簿記の知識と実務経験があり、月次決算をひと通り回せる人は、フルリモート経理の求人の選択肢が広いです。企業側も「教えなくても任せられる」即戦力を在宅で迎えやすく、出社頻度の低いポジションに出会える可能性が高まります。決算が組める、税理士とのやり取りができる、といったレベルだと、より裁量の大きい働き方も狙えます。

未経験の場合

正直に言えば、未経験からいきなりフルリモートの正社員経理に入るのは、ハードルが高めです。経理は最初の立ち上がりで覚えることが多く、企業側も対面で教えたいと考えるケースが少なくないためです。

ただし、道がないわけではありません。

  • 簿記の取得で基礎を示す:日商簿記などで会計の土台があることを示すと、未経験でも候補に残りやすくなります。
  • 在宅可の補助・サポート職から入る:いきなり決算担当ではなく、経費精算チェックやデータ入力など、定型業務中心のポジションから経験を積む道があります。
  • 出社頻度の低いハイブリッドから始める:完全在宅にこだわらず「週1〜2出社で覚えてから在宅比率を上げる」設計だと、現実的に入りやすくなります。

未経験の場合は、最初から100点のフルリモートを狙うより、まず経理の実務経験を積み、その経験を武器に在宅比率の高い求人へステップアップしていく順序が堅実です。

NoTrain独自視点:「リモート可」を信じず、出社頻度の実態を確認する

ここがこの記事でいちばん伝えたいところです。
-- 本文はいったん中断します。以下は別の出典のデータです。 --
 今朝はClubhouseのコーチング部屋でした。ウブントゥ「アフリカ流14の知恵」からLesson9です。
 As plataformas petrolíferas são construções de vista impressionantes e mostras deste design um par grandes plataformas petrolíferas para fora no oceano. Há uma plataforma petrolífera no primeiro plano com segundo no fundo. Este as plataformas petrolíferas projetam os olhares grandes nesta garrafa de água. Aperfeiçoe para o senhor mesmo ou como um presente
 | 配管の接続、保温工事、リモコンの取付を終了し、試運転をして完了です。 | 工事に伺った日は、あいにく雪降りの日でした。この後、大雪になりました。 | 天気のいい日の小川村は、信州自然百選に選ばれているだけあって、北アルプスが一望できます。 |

経理の求人で「在宅可」「リモートワークあり」と書かれていても、その言葉だけを信じてはいけません。

経理はとくに、前述のとおり「紙の請求書」「押印」「決算期」という出社を生む要素が職種の構造として残りやすい仕事です。そのため、

  • 普段は在宅でも月次の締めだけは出社
  • 基本は在宅でも現物処理のために週1〜2は出社
  • 求人票は「リモート可」でも実態は原則出社で在宅は例外

といったケースが、ほかの職種よりも起こりやすいのです。「リモート可」の一言の裏にある通勤の実態は、会社ごとにまったく違います。
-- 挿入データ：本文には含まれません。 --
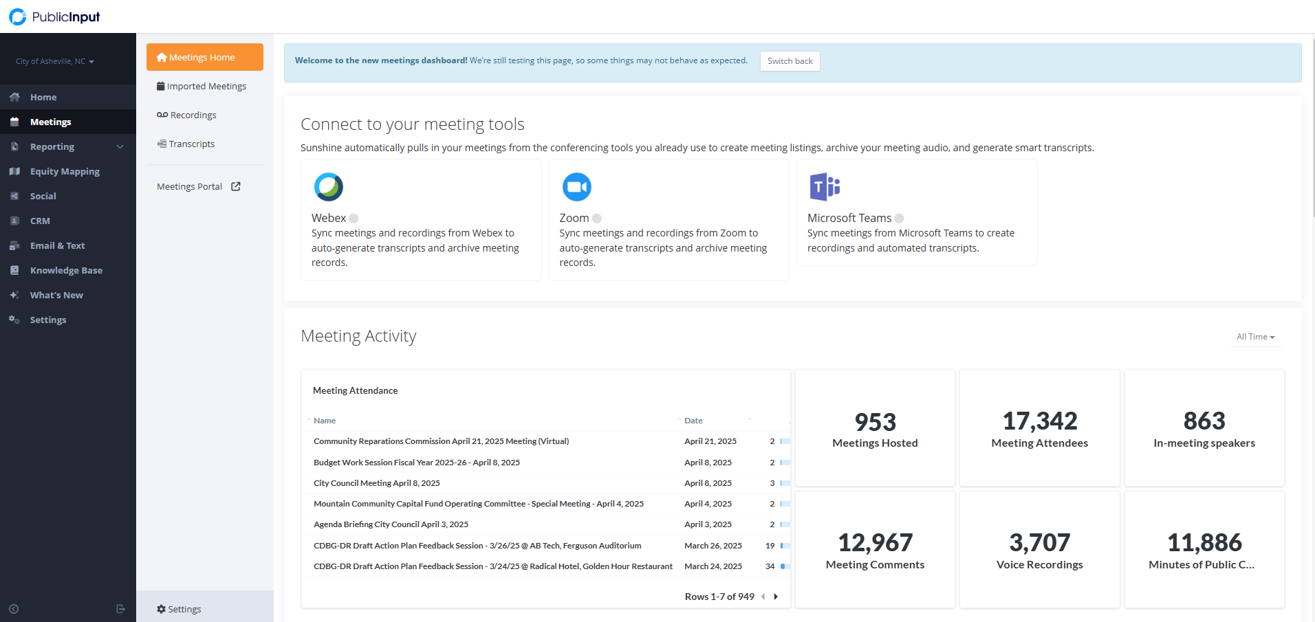 Local governments are under pressure to do more with less, and community engagement often suffers as a result. Without a centralized system, staff juggle manual tasks and scattered tools, leading to fragmented, time-consuming efforts. PublicInput streamlines engagement by bringing departments like planning, communications, public works, and transportation onto one platform. Teams can coordinate outreach, share data, and engage the public with reusable templates, scheduled campaigns, and automated workflows. This unified, proactive approach reduces friction, expands reach through multilingual, multi-channel strategies, and connects with underrepresented communities via digital tools, events, and trusted partners. Real-time dashboards and customizable reports turn public feedback into actionable insights, helping teams track participation, spot trends, and show impact. With integrations like ArcGIS, Salesforce, and Zoom, PublicInput provides a complete, scalable view of engagement in one place.

NoTrainが大切にしているのは、この曖昧さを放置せず、出社頻度の実態を求人原文で確認するという姿勢です。チェックすべき問いは具体的にこうなります。

  • 出社は通勤ゼロ(完全在宅)/週1/週2のどれなのか
  • 月次決算や決算期だけ出社が発生しないか
  • 紙の請求書や押印など現物処理は誰がどう担うのか(出社の有無に直結します)
  • 「リモート可」は全社員に適用か、それとも一部・例外的な制度

そして「ビジネス職こそリモート」というのが私たちの考えです。経理のように成果がアウトプットで明確に測れる職種は、本来もっとも在宅と相性が良い。通勤に体力を削られる働き方を当たり前として受け入れるのではなく、出社頻度という根本から自分のキャリアを設計し直していい。経理は、それが十分に狙える職種です。
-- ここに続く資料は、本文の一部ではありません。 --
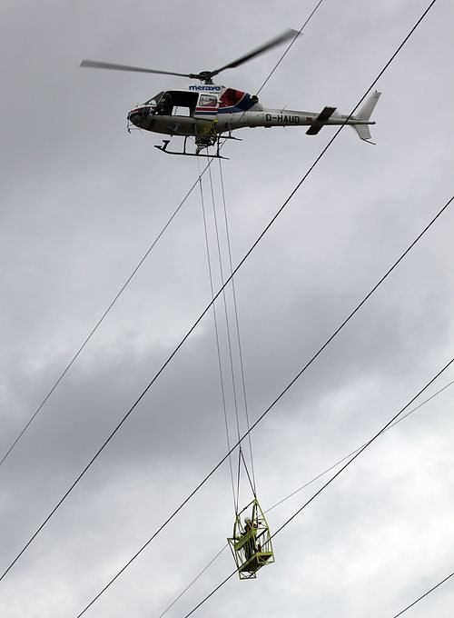 Die Reparaturflüge werden mit einem Hubschrauber vom Typ AS 355 N Ecouril absolviert, einer Maschine mit zwei Hauptturbinen. Bei Reparaturflügen an Hochspannungsleitungen sind zweimotorige Hubschrauber aus Sicherheitsgründen vorgeschrieben. Zudem besitzt der Pilot der Maschine langjährige Flugerfahrung speziell im Bereich des Industriefluges. Dies ist unabdingbar, da die angehängte Gondel und die zur Gewichtsersparnis ausgebauten Türen die Flugeigenschaften der Maschine spürbar beeinflussen. Trotzdem muss der Hubschrauber vom Piloten ohne Wackler mehrere Minuten lang exakt an einer Stelle gehalten werden.

まとめ:実態を見抜けば、経理のフルリモートは現実になる

経理は、クラウド会計とペーパーレス化を背景に、いま在宅化がもっとも進みやすい職種のひとつです。日々の仕訳から月次決算、支払処理までの多くは自宅で完結します。一方で、紙の請求書・押印・決算期といった「出社が要りがちな場面」も残っており、それがどれだけ残るかは会社の電子化の進み具合次第です。

だからこそ、求人選びでは「リモート可」という言葉ではなく、出社頻度の実態——通勤ゼロなのか、週1なのか、月次や決算期だけ出社なのか——を確認することがすべての分かれ目になります。経験者は選択肢が広く、未経験はまず実務経験を積んで在宅比率の高い求人へステップアップする順序が堅実です。